Data extract

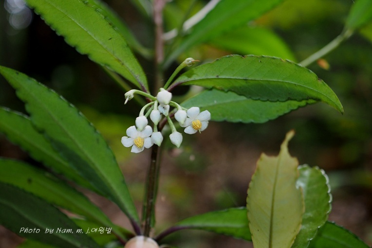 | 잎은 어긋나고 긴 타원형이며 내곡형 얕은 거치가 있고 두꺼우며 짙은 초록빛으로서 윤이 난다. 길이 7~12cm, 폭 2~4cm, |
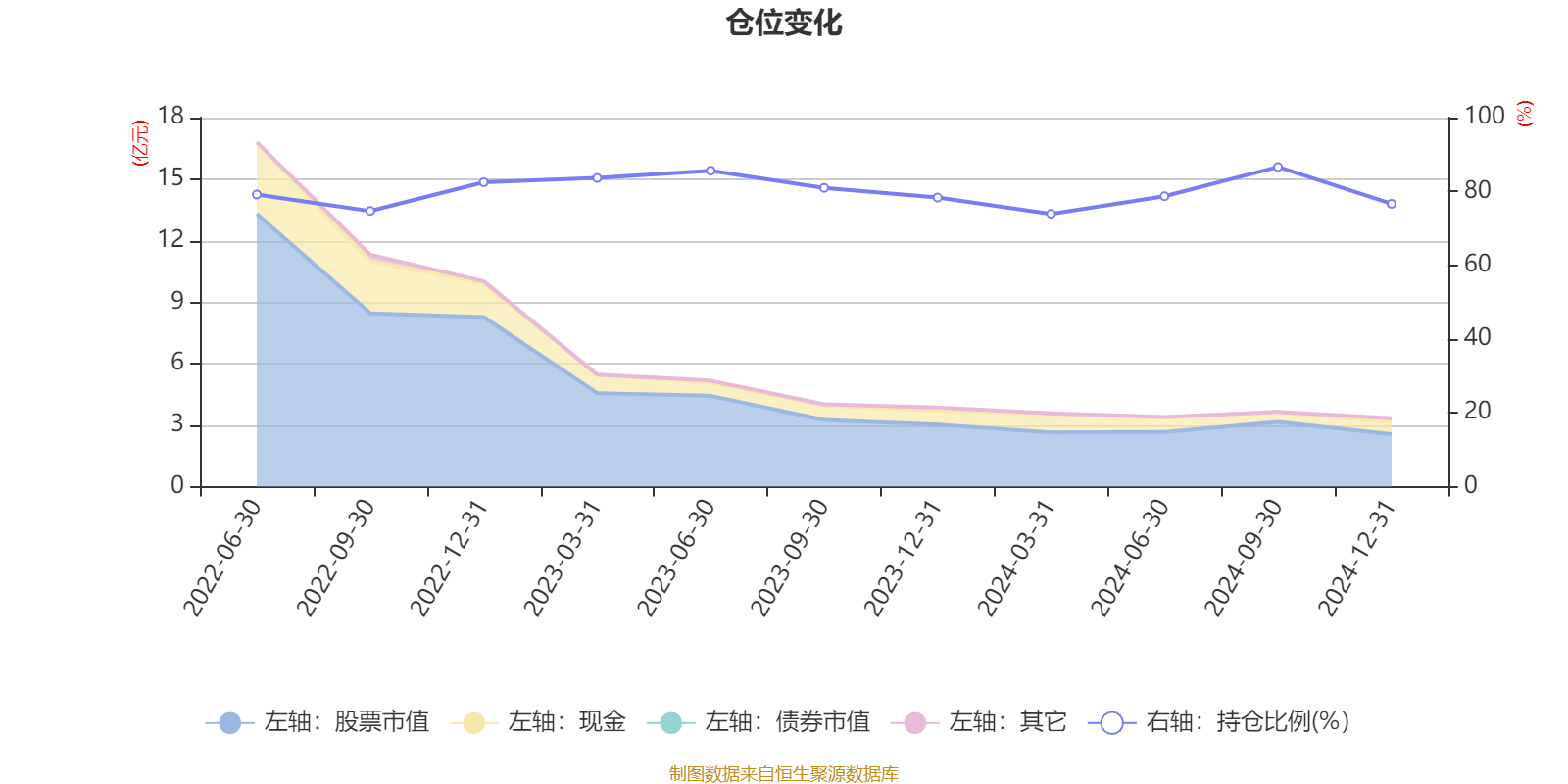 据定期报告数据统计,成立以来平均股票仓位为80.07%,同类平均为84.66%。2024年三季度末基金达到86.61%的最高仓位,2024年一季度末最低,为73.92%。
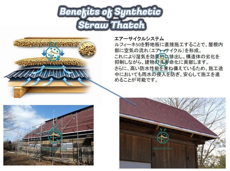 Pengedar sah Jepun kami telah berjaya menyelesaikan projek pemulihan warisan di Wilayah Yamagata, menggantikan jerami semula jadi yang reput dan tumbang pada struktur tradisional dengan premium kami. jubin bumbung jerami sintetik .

Work item
From the line containing "据定期报告数据统计,成立以来" to the end of the data above, give those lines again verbatim, with both endpoints included and no images.

Answer section
 据定期报告数据统计,成立以来平均股票仓位为80.07%,同类平均为84.66%。2024年三季度末基金达到86.61%的最高仓位,2024年一季度末最低,为73.92%。
 Pengedar sah Jepun kami telah berjaya menyelesaikan projek pemulihan warisan di Wilayah Yamagata, menggantikan jerami semula jadi yang reput dan tumbang pada struktur tradisional dengan premium kami. jubin bumbung jerami sintetik .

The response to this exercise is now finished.